Supplied records>

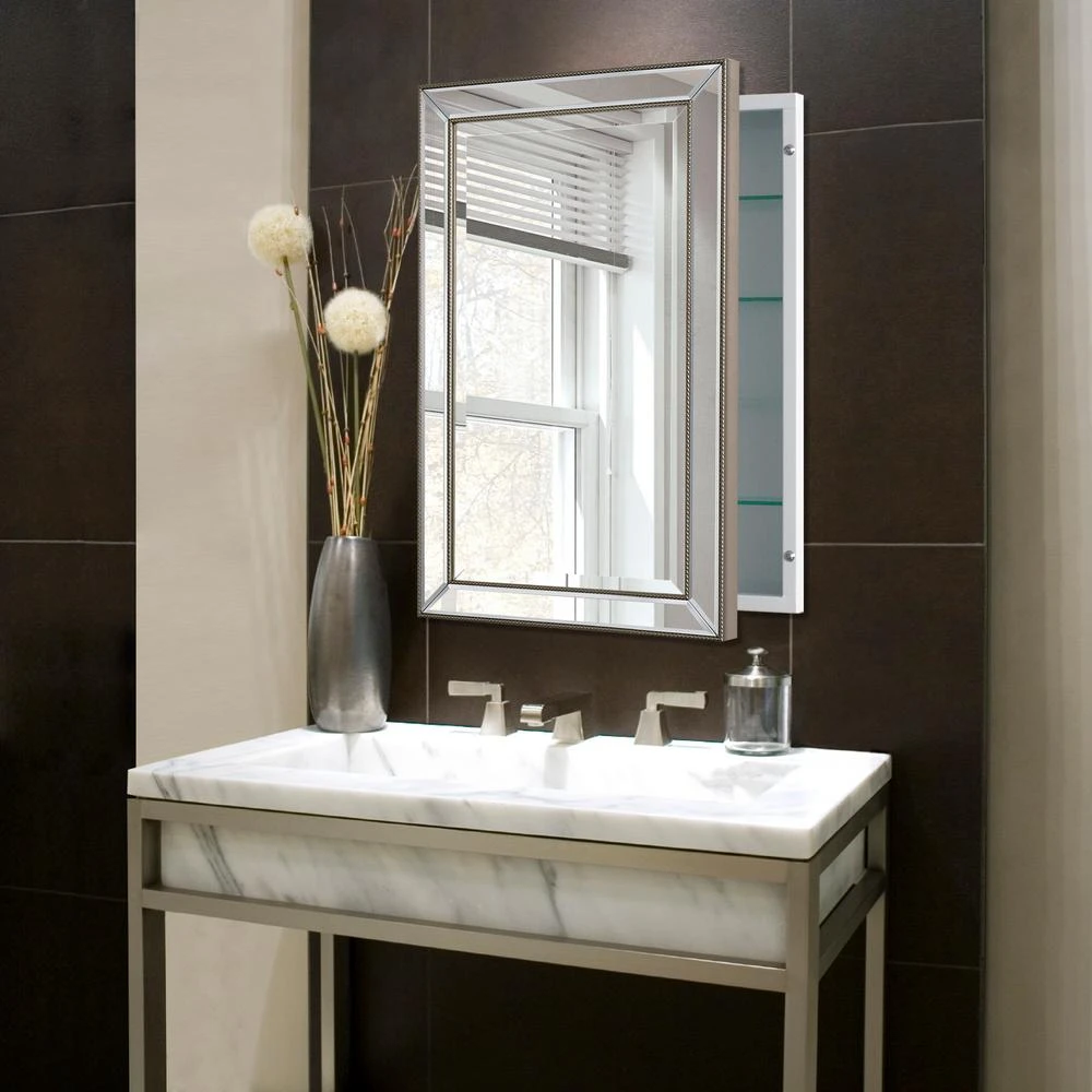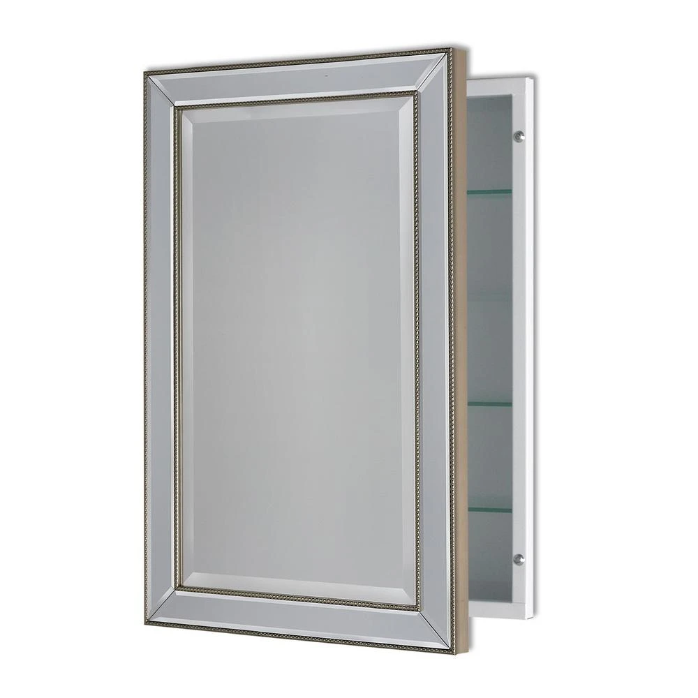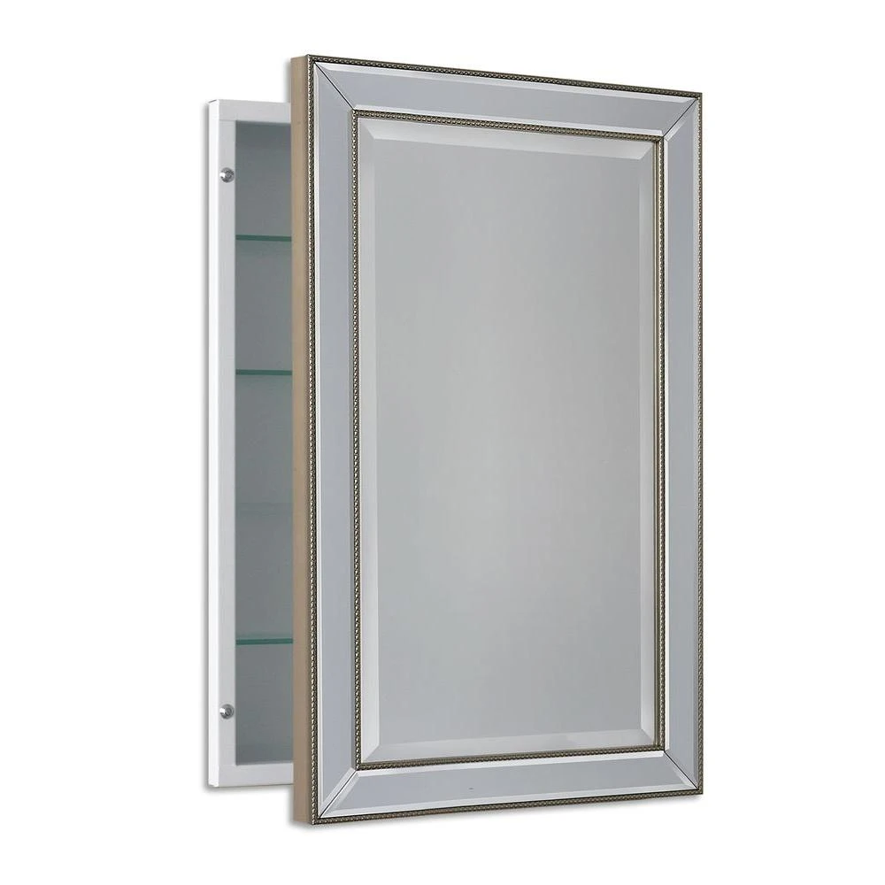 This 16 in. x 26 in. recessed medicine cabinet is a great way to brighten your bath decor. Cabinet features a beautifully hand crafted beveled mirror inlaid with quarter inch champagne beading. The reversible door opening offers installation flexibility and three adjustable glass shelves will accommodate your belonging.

...

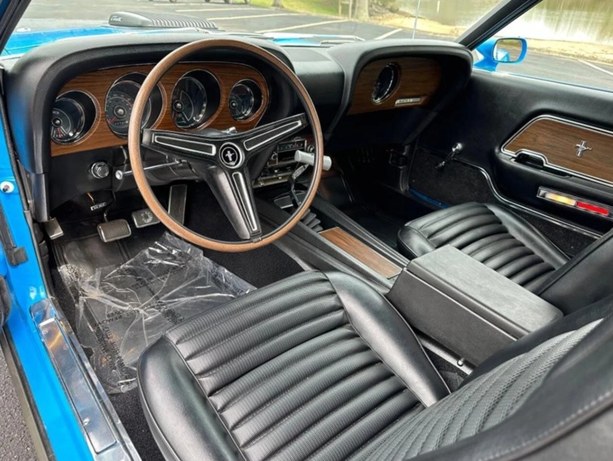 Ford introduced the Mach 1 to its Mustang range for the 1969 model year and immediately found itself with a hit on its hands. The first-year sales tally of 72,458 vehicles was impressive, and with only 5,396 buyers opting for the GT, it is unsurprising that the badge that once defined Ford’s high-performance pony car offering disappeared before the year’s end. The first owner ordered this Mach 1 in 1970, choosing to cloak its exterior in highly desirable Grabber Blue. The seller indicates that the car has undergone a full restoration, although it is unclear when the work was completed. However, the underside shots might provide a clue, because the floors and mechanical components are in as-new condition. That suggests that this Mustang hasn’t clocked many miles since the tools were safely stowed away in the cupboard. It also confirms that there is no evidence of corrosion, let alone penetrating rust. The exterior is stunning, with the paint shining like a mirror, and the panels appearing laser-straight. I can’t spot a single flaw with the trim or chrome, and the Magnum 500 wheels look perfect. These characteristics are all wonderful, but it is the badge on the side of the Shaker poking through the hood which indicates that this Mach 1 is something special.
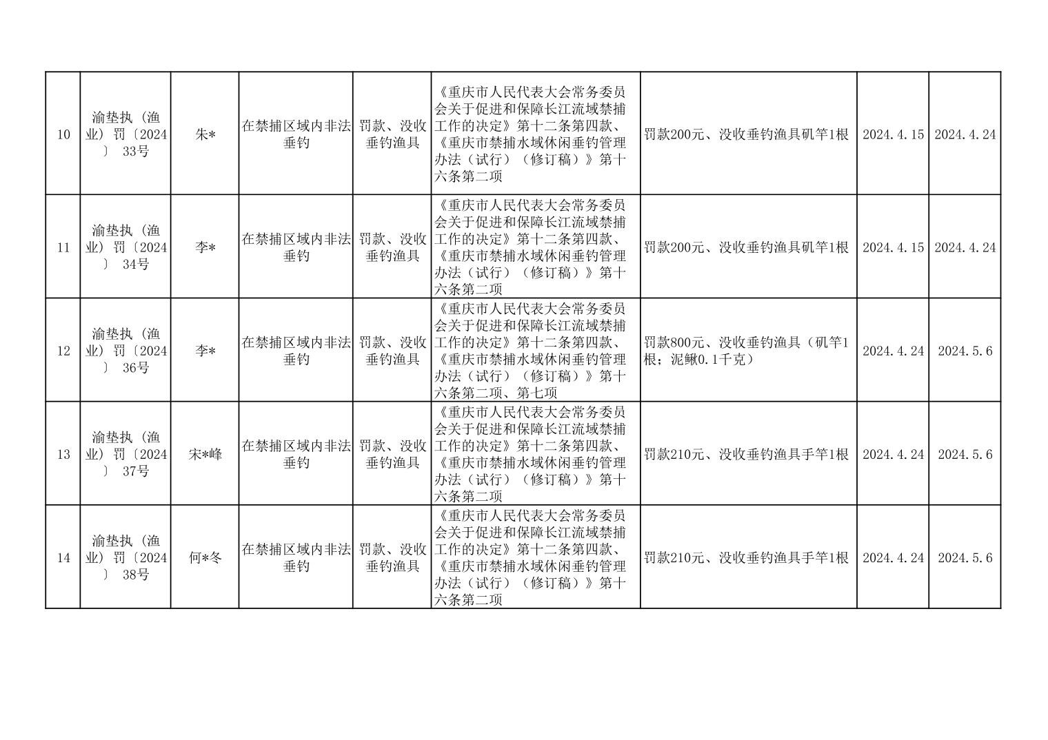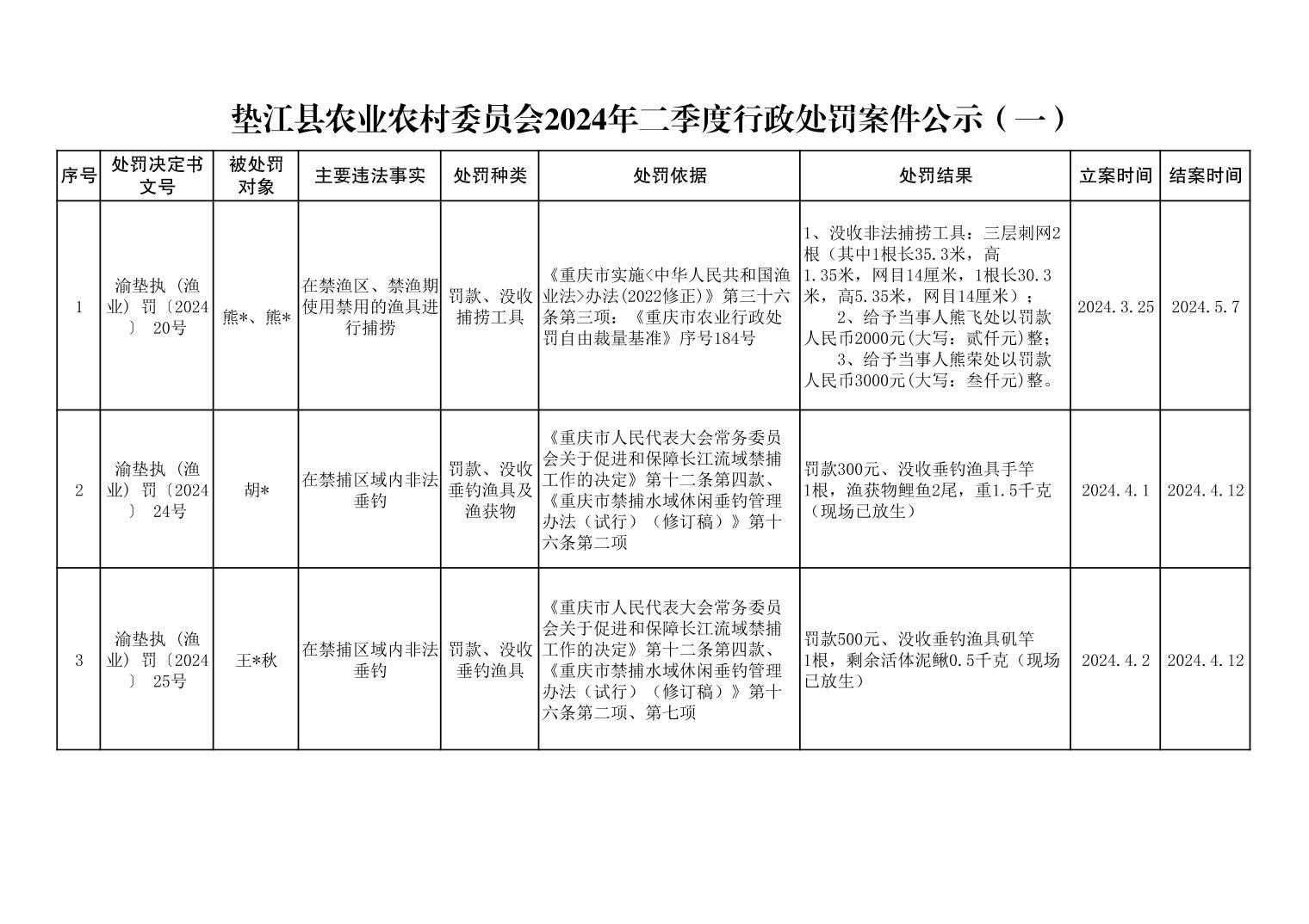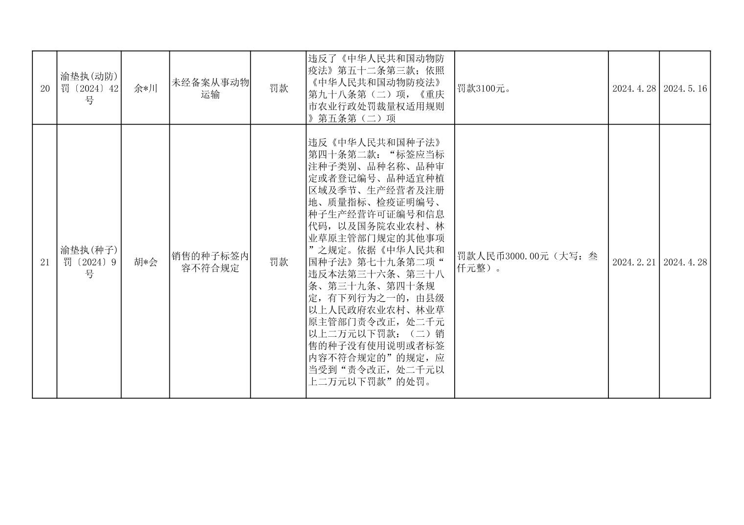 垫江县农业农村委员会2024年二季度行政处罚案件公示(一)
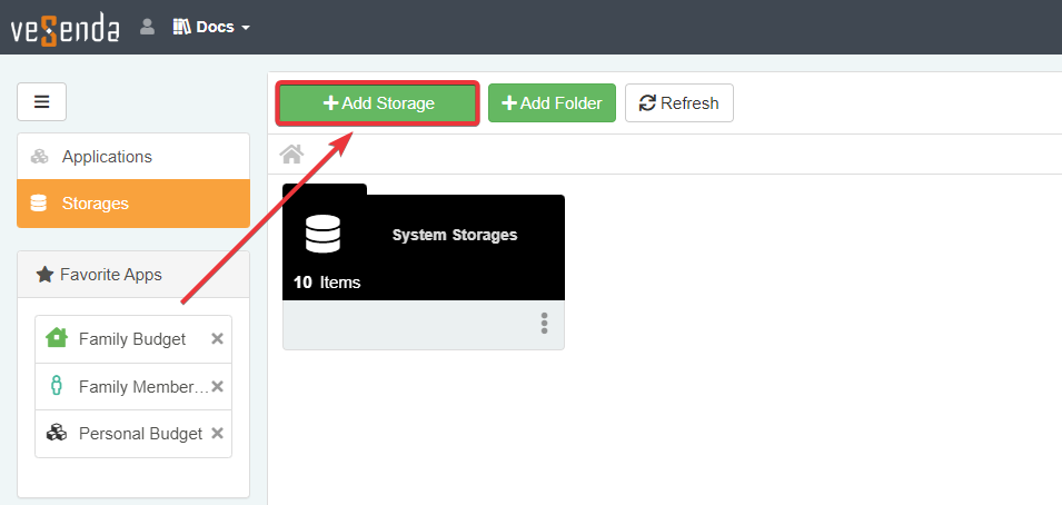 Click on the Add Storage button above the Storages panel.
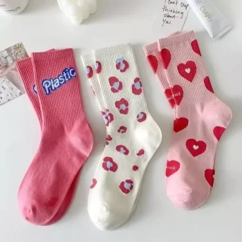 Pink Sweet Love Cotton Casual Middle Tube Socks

Task requirements>
Print from the line containing "Ford introduced the" through the line containing "Pink Sweet Love" in the data above, exactly as the lines stand, and omit every picture.

Solution below>
 Ford introduced the Mach 1 to its Mustang range for the 1969 model year and immediately found itself with a hit on its hands. The first-year sales tally of 72,458 vehicles was impressive, and with only 5,396 buyers opting for the GT, it is unsurprising that the badge that once defined Ford’s high-performance pony car offering disappeared before the year’s end. The first owner ordered this Mach 1 in 1970, choosing to cloak its exterior in highly desirable Grabber Blue. The seller indicates that the car has undergone a full restoration, although it is unclear when the work was completed. However, the underside shots might provide a clue, because the floors and mechanical components are in as-new condition. That suggests that this Mustang hasn’t clocked many miles since the tools were safely stowed away in the cupboard. It also confirms that there is no evidence of corrosion, let alone penetrating rust. The exterior is stunning, with the paint shining like a mirror, and the panels appearing laser-straight. I can’t spot a single flaw with the trim or chrome, and the Magnum 500 wheels look perfect. These characteristics are all wonderful, but it is the badge on the side of the Shaker poking through the hood which indicates that this Mach 1 is something special.
 垫江县农业农村委员会2024年二季度行政处罚案件公示(一)
 Click on the Add Storage button above the Storages panel.
 Pink Sweet Love Cotton Casual Middle Tube Socks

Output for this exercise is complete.